McDonald's Gets Me High
And we're off to McDonald's, for we both love the place. Partially because McDonald's tastes good. Not always, granted, and not in the way more carefully prepared foods taste good. McDonald's' charms are among the oldest known to the human palate; the allure of molten lipids and the decadence of dessicants. Fat and sodium were the first things craved by human mouths in those dim days when Australopithecus roamed the Southern Hemisphere, when meats and minerals were in mortally short supply. McDonald's feeds ancestral hungers. It's why kids have such an automatic appreciation for the stuff.
But personally, I enjoy McDonald's less as a food than as a drug. I understand why so many people eat poorly when stressed.

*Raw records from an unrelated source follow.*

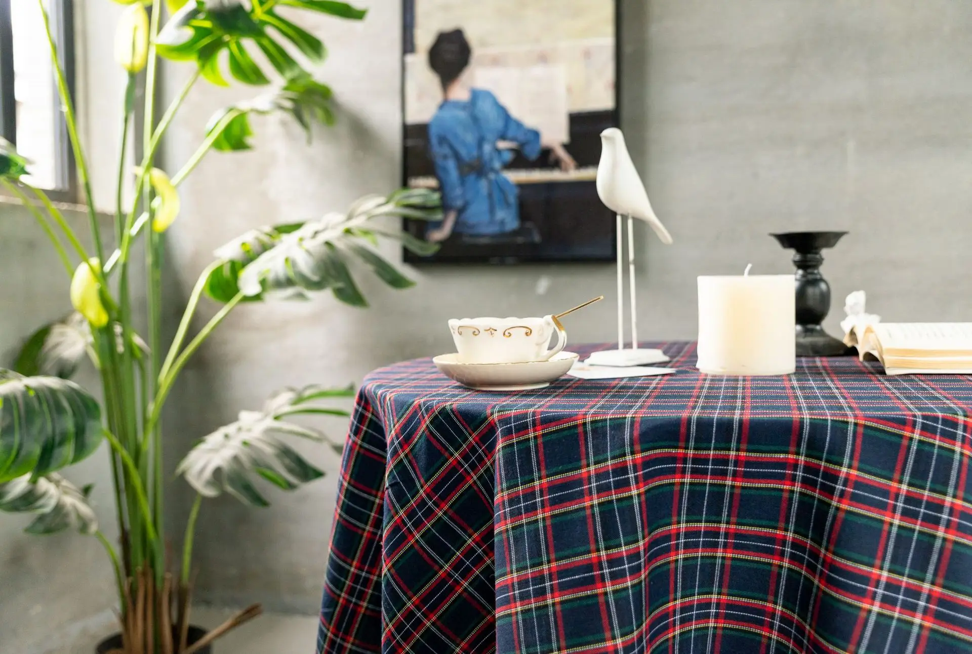Tovaglia scozzese Tovaglia a quadretti a righe retrò Decorazione per soggiorno e tavolo da pranzo per feste di Natale
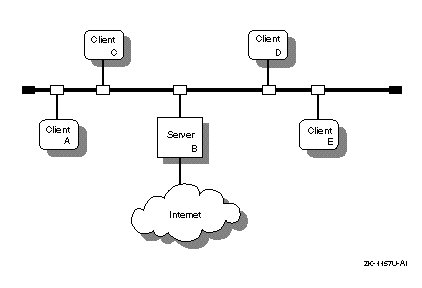 Figure 11-2 shows a sample client/server configuration in which host B is configured as a mail server and hosts A, C, D, and E are configured as mail clients. This is useful in larger enterprise networks that consist of multiple domains and connections to the Internet or other networks.
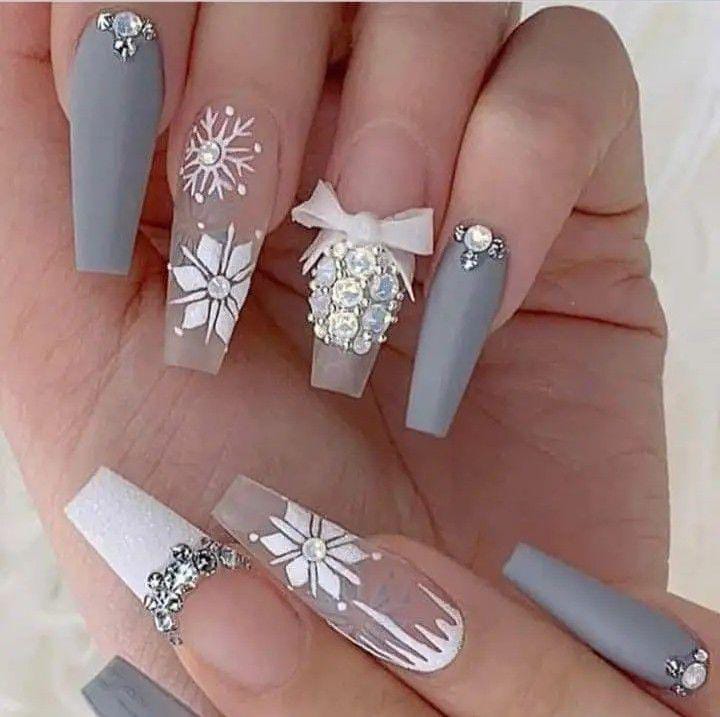 This set mixes soft gray with clear accents, delicate white snowflakes, and sparkly rhinestones for a frosty, elegant winter look. The mix of matte and glossy textures adds a chic, icy vibe.
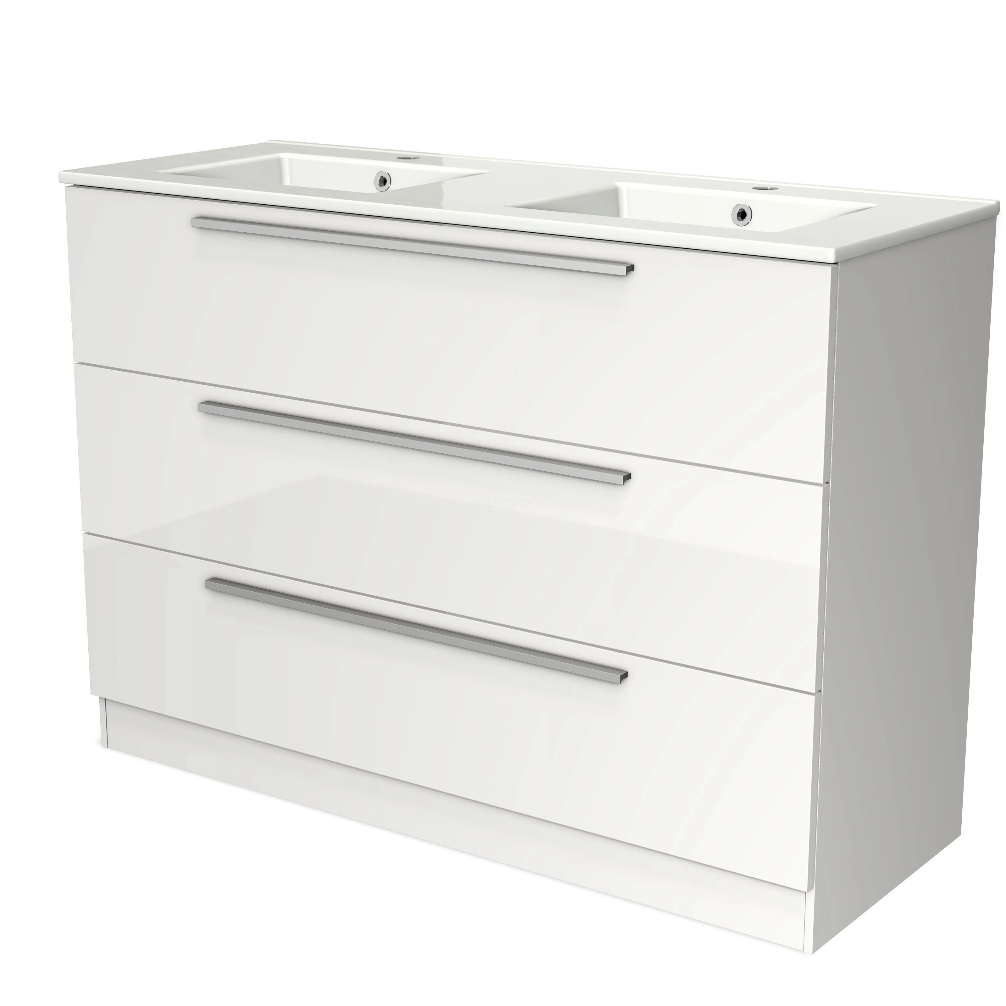 Modulo Bathroom furniture with sink | 120 cm High-gloss white Flat front Ceramic 3 standing drawers

My usual intake at McDonald's is a Double Quarter Pounder, a large fry, a large Coke or shake, and a six-piece McNugget. (Sometimes I'm feeling crazy and add a Fish Fillet. It's OK, though -- I walk a lot.) Unless I'm in the middle of a day of strenuous physical labor, that combination does to me what opium did to Samuel Taylor Coleridge. Within 60 minutes, I'm in a fetal position on a couch, gazing out the window with heavy-lidded eyes, thinking profound and occasionally disturbing thoughts but utterly at peace with all of them. Family problems, tax problems, the United States' dire political situation, the economy, my lack of insurance, whatever -- it's all interesting, it's all worth consideration, and none of it's very worth worrying about. I may jot something in a notebook. I smile. I babble some nonsense at somebody in the room. I have the meat sweats. I fall into a happy sleep full of vague, friendly dreams. Then I awake, sharp and unhungry. (And occasionally suffering from a dehydration headache.)
This isn't just me. It's biology, the inevitable side effect of a fat-salt-and-sugar orgy. McDonald's is a senses-duller, a worrying-inhibitor. It's no wonder that a highly driven Third Culture Kid and a toiler in a dying industry would want to binge on the stuff from time to time. It's no wonder that poor people love it so. It's no wonder that tubby women occasionally get into fights at the McDonald's counter while waiting for a fix. Right after I plow through a huge tray of McDonald's, as that first wave of calorie narcosis swooshes over my nervous system and my synapses unwind and my vocabulary slips and the whole world goes fuzzy-friendly, it just seems amazing that those lunchtime brawls don't happen more often.